Argument in a nutshell:
- Premise A) The Qur’an says that the People of the Book ‘recognise [something] as clearly as they recognise their own sons’ (Q 2:146, 6:20). This is because of what their Scriptures say.
- Premise B) The object of recognition could be the Prophethood of Muhammad, or the direction of prayer towards the holy city of Islam and the truth of unitarianism.
- Premise C) The Torah and Gospel do not in fact say these things.

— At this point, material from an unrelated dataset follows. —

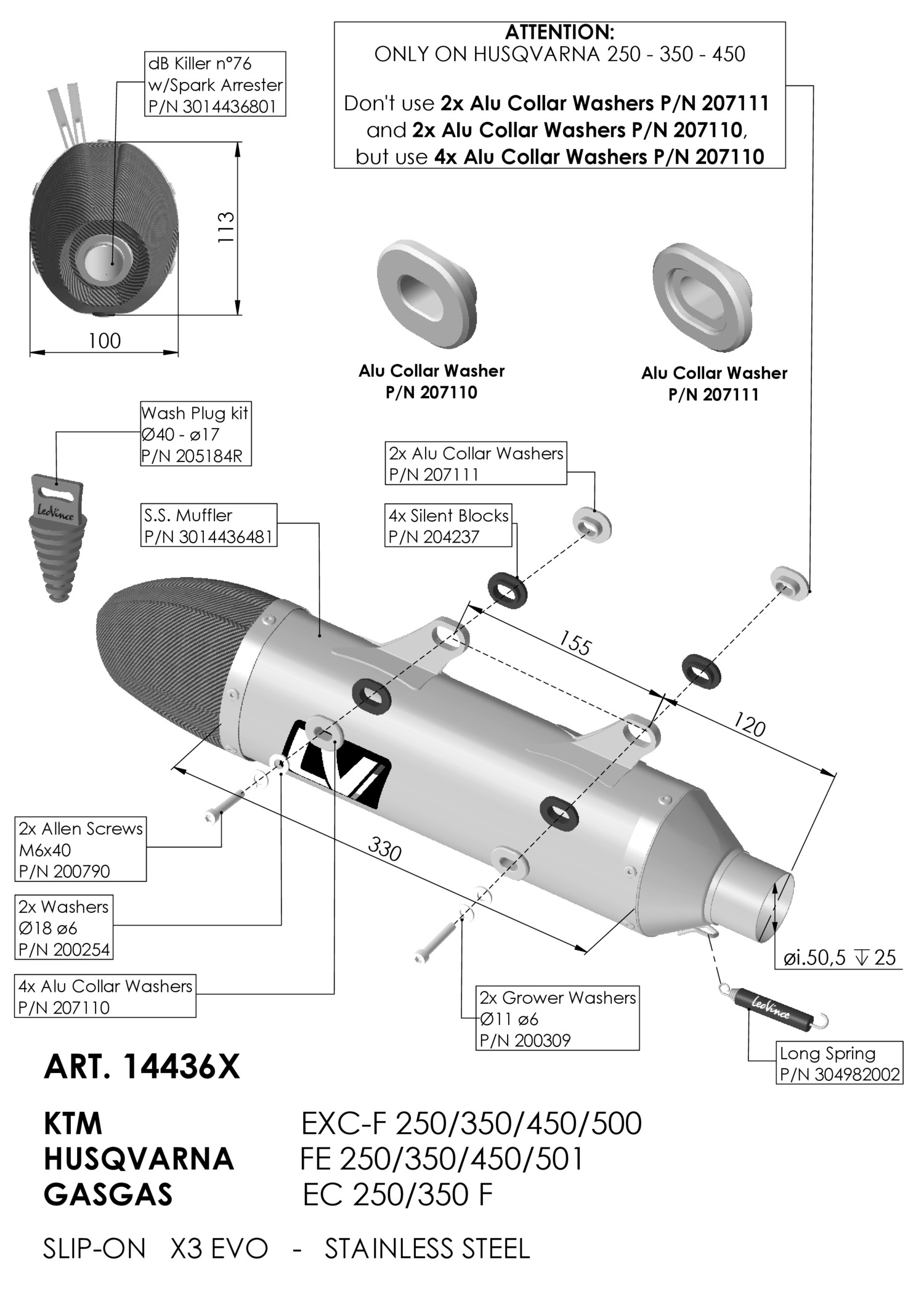 14436X - Exhaust muffler LeoVince X3 EVO SS HUSQVARNA FE 250 (20-23)

- Conclusion) The Qur’an is mistaken.
During my study of the Qur’an, I came across a couple of verses that I had never heard discussed in Muslim-Christian encounters. This is despite their great relevance to topics that lay at the heart of Muslim-Christian debate. The verses are as follows:
ٱلَّذِينَ ءَاتَيْنَٰهُمُ ٱلْكِتَٰبَ يَعْرِفُونَهُۥ كَمَا يَعْرِفُونَ أَبْنَآءَهُمْ وَإِنَّ فَرِيقًا مِّنْهُمْ لَيَكْتُمُونَ ٱلْحَقَّ وَهُمْ يَعْلَمُونَ
lladhīna ātaynāhumu l‑kitāba yaʿrifūnahu ka‑mā yaʿrifūna abnāʾahum wa‑inna farīqan minhum la‑yaktumūna l‑ḥaqqa wa‑hum yaʿlamūna
Those We gave Scripture know it as well as they know their own sons, but some of them hide the truth that they know. (Abdel Haleem)
ٱلَّذِينَ ءَاتَيْنَٰهُمُ ٱلْكِتَٰبَ يَعْرِفُونَهُۥ كَمَا يَعْرِفُونَ أَبْنَآءَهُمُ ٱلَّذِينَ خَسِرُوٓا۟ أَنفُسَهُمْ فَهُمْ لَا يُؤْمِنُونَ
lladhīna ātaynāhumu l‑kitāba yaʿrifūnahu ka‑mā yaʿrifūna abnāʾahumu lladhīna khasirū anfusahum fa‑hum lā yuʾminūna
Those to whom We have given the Scripture know this as well as they know their own sons. Those who have lost their souls will not believe. (Abdel Haleem)
The object of recognition
Clearly the People of the Book (‘Those to whom We have given the Scripture’), i.e. Jews and Christians, are supposed to recognise something very clearly, as clearly ‘as they know their own sons’. But what is it that they are supposed to recognise?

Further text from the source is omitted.